Long as its teeth ... I have heard about you pasties .......
W_B - 22 Sep 2004 20:08 GMT
>Six months ago I had gum surgery to reduce pockets around my teeth due to
>gum disease. That, of course, exposed more of the teeth. A month or so I
[quoted text clipped - 7 lines]
>
>Anything else to try before that drastic action?

Hurriseal.
--

W_B

Take out the G'RBAGE
wubbabubbazG@RBAGEyahoo.com
Dr. David Leader - 23 Sep 2004 04:22 GMT
Hi Alan,

If the tooth is healthy otherwise, There are various preparations that
can be applied to your tooth.  They range from stronger versions of
the chemical in Sensodyne Toothpaste, to the adhesive used in cosmetic
bonding.  I would try all of these treatments before opting for root
canal treatment.

Additionally, you did not mention how long this has been bothering
you.  I had a tooth bother me for 4 months after a procedure.  That
was years ago.  Not a peep since.  The addage "time heals all wounds"
often applies to teeth.

David Leader, DMD
Malden, Ma.
StovePipe - 24 Sep 2004 18:57 GMT
> Six months ago I had gum surgery to reduce pockets around my teeth due to
> gum disease. That, of course, exposed more of the teeth. A month or so I
[quoted text clipped - 7 lines]
>
> Anything else to try before that drastic action?

Try all the varnish and liquid and tooth paste products mentioned by the
others and see how it goes. If that doesn't work, ask your dentist to
refer you to a dentist that uses a hard tissue laser; ex WaterLase or
Kavo or DeLite or others. A few zaps on the particular zone will last
quite a while. If it DOESN'T last for quite a while, ask for the
PulseMaster Laser (or older American Dental Hygienics). That is a Nd-YAG
Laser that will actually vitrify the surface of your exposed root.

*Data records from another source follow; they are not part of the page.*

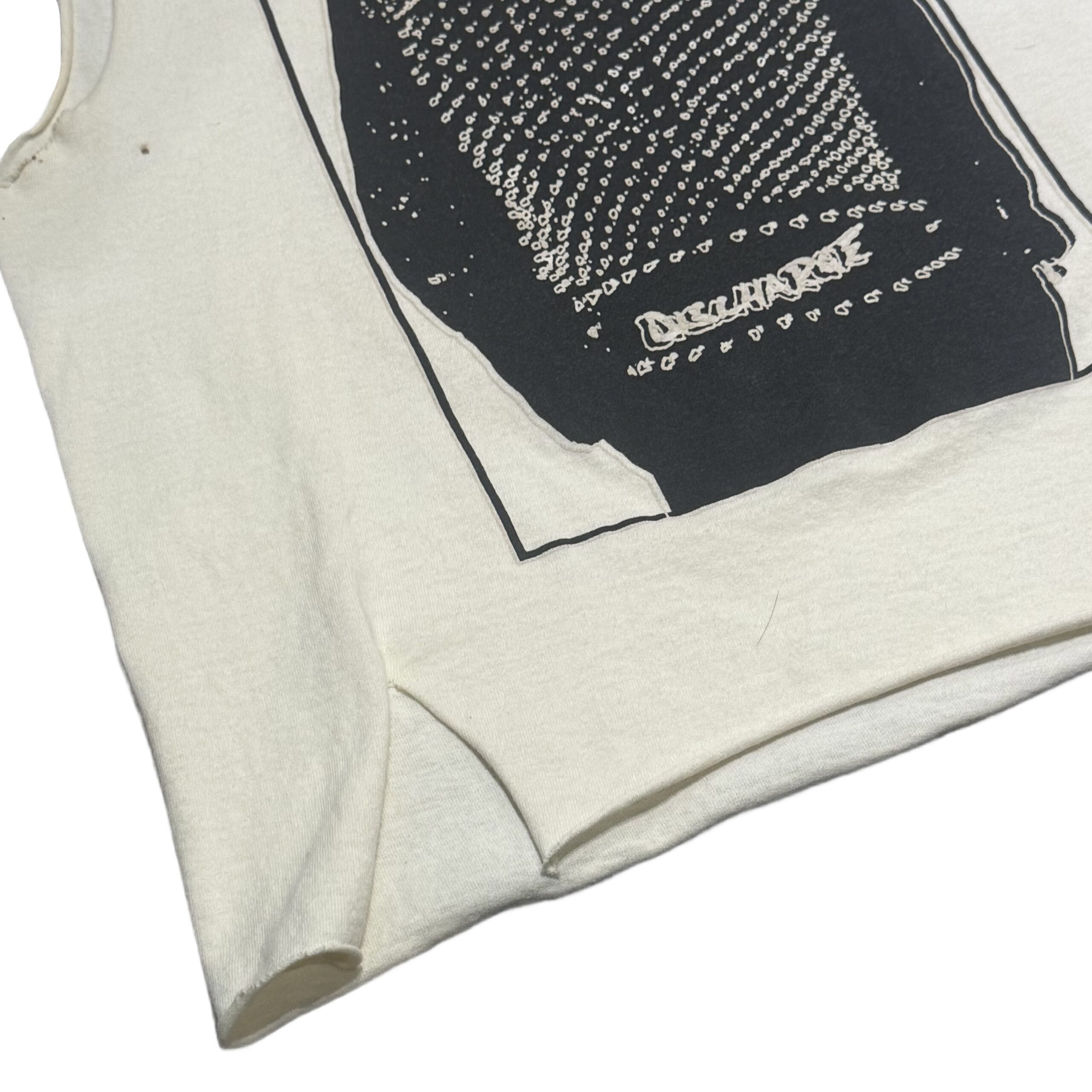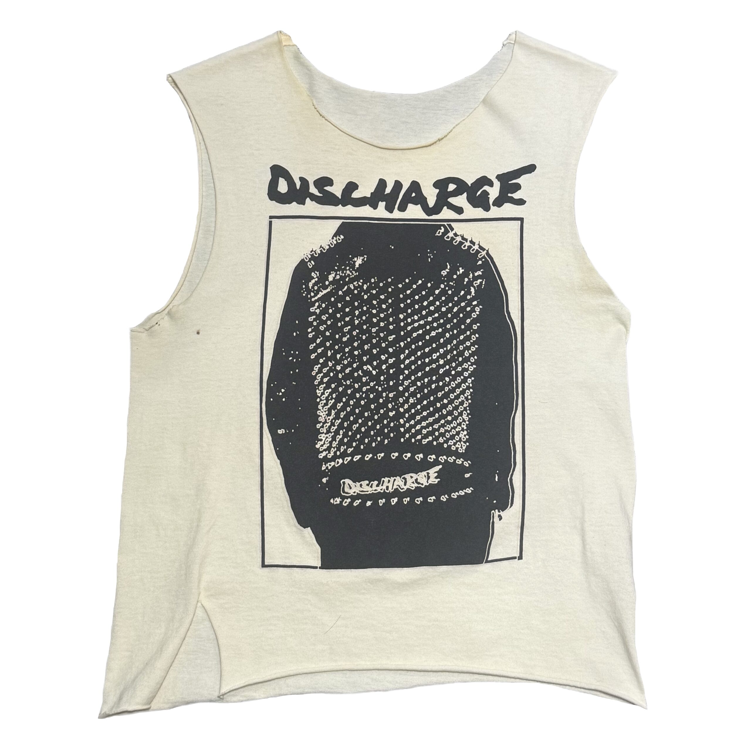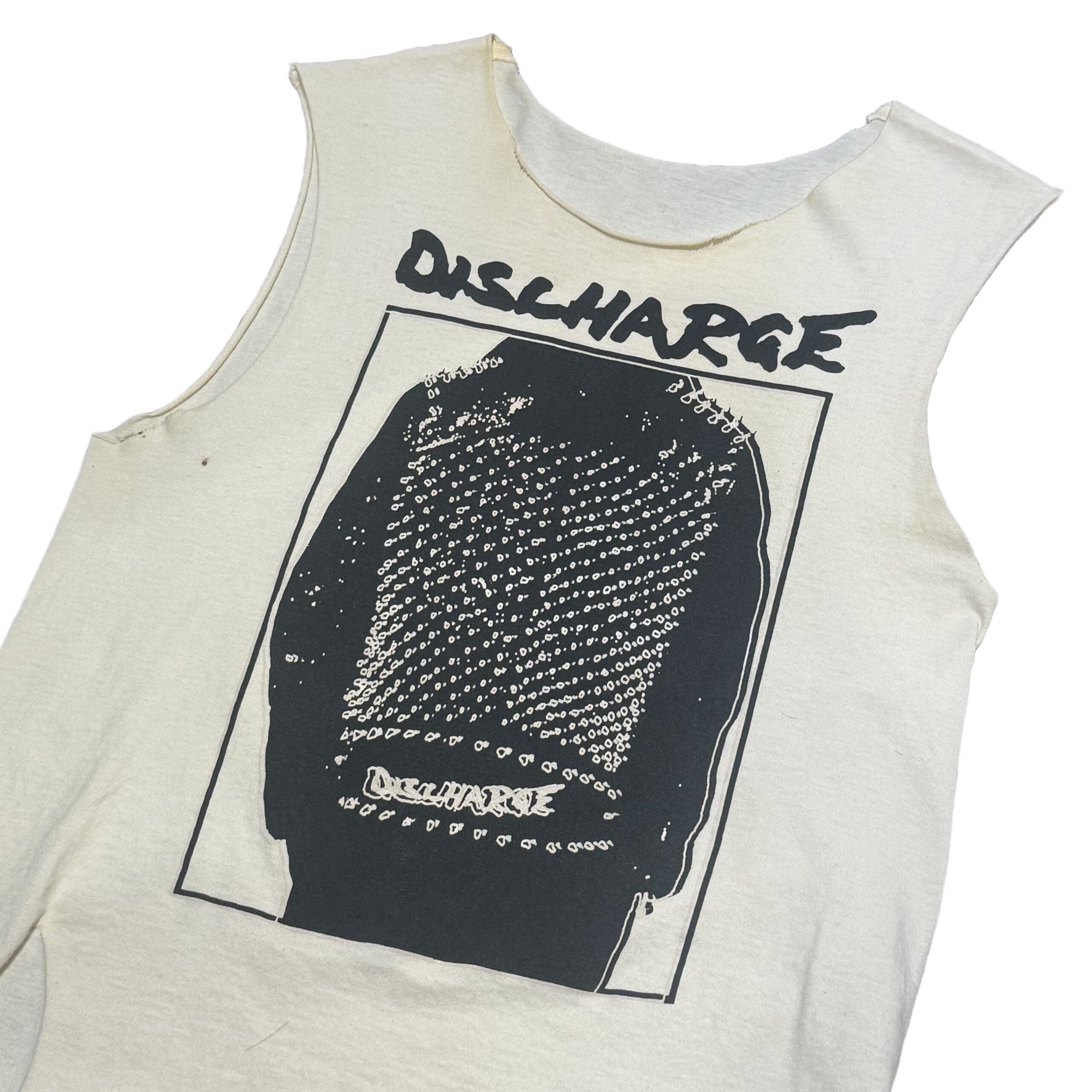 イギリスのハードコア・パンクバンド「Discharge」のプリントが施された一着。首元リブや裾、さらに袖もカットされております。これ一枚でももちろん良いですが、重ね着やインナーとしてもかなり使い勝手が良い一着かなと思います。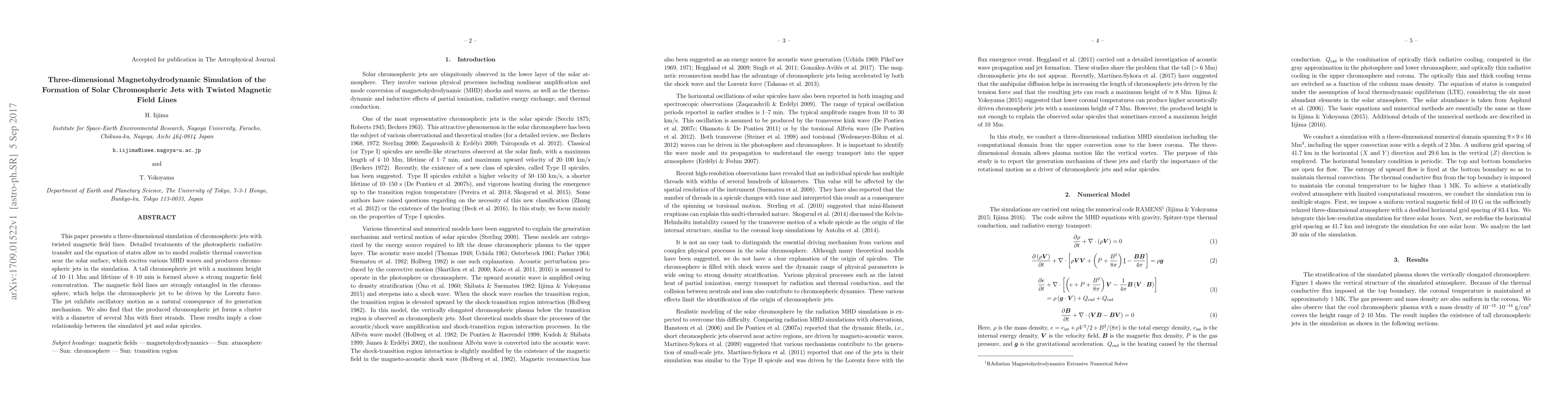 This paper simulates the formation of solar chromospheric jets driven by twisted magnetic field lines, revealing a jet with a height of 10-11 Mm and a lifetime of 8-10 min, exhibiting oscillatory motion and forming clusters resembling solar spicules.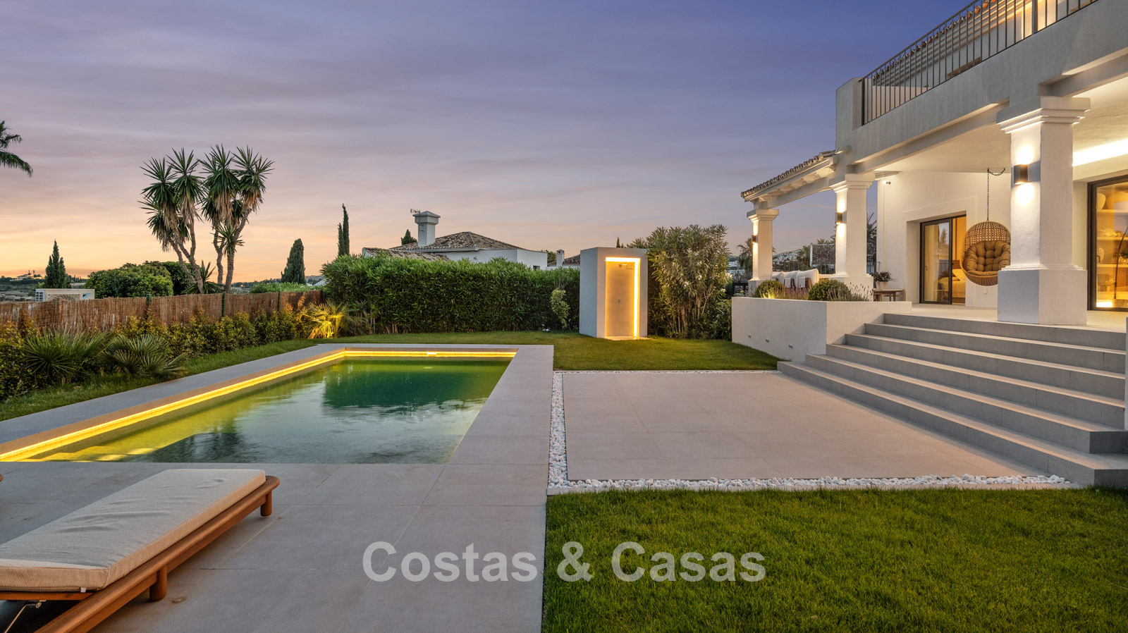 Autres caractéristiques : Climatisation pour le refroidissement et le chauffage. Chauffage au sol. Cheminée moderne. Armoires intégrées sur mesure. Éclairage LED intérieur et extérieur. Double vitrage. Système d'alarme. Douche extérieure.

Regardless, MODIFY your BRUSHING technique to be atraumatic: brush up
and down WITHOUT a screw-driver type of motion (keep the wrist from
moving) and CLOSE your MOUTH a bit: Put your brush in your mouth on the
cheek side and OPEN WIDE... See how the brush is hard against the teeth
and gums? Now, CLOSE your mouth a bit. See how the pressure comes off?
This is how you must be if you're going to brush GENTLY, so as not to
scrape more surface or desensitizing product off the exposed root or
traumatize the gum so it melts away some more... It is far better to
brush gently FOUR times a day than brush TWO times harshly. Wait about
20 min after eating b/4 brushing (saliva alkalinizes the mouth).

Lastly, I still like the effect of Gel-Kam. You can brush your teeth at
night, then floss, then brush AGAIN with Gel-Kam. Spit but don't rinse.
Now leave it like that till morning.
boOM
SP
Signature

Not a real Addy, yet

Alan Bell - 27 Sep 2004 03:43 GMT
> Try all the varnish and liquid and tooth paste products mentioned by the
> others and see how it goes. If that doesn't work, ask your dentist to
[quoted text clipped - 18 lines]
> night, then floss, then brush AGAIN with Gel-Kam. Spit but don't rinse.
> Now leave it like that till morning.

Thanks to everyone who offered suggestions. (I love the Internet.)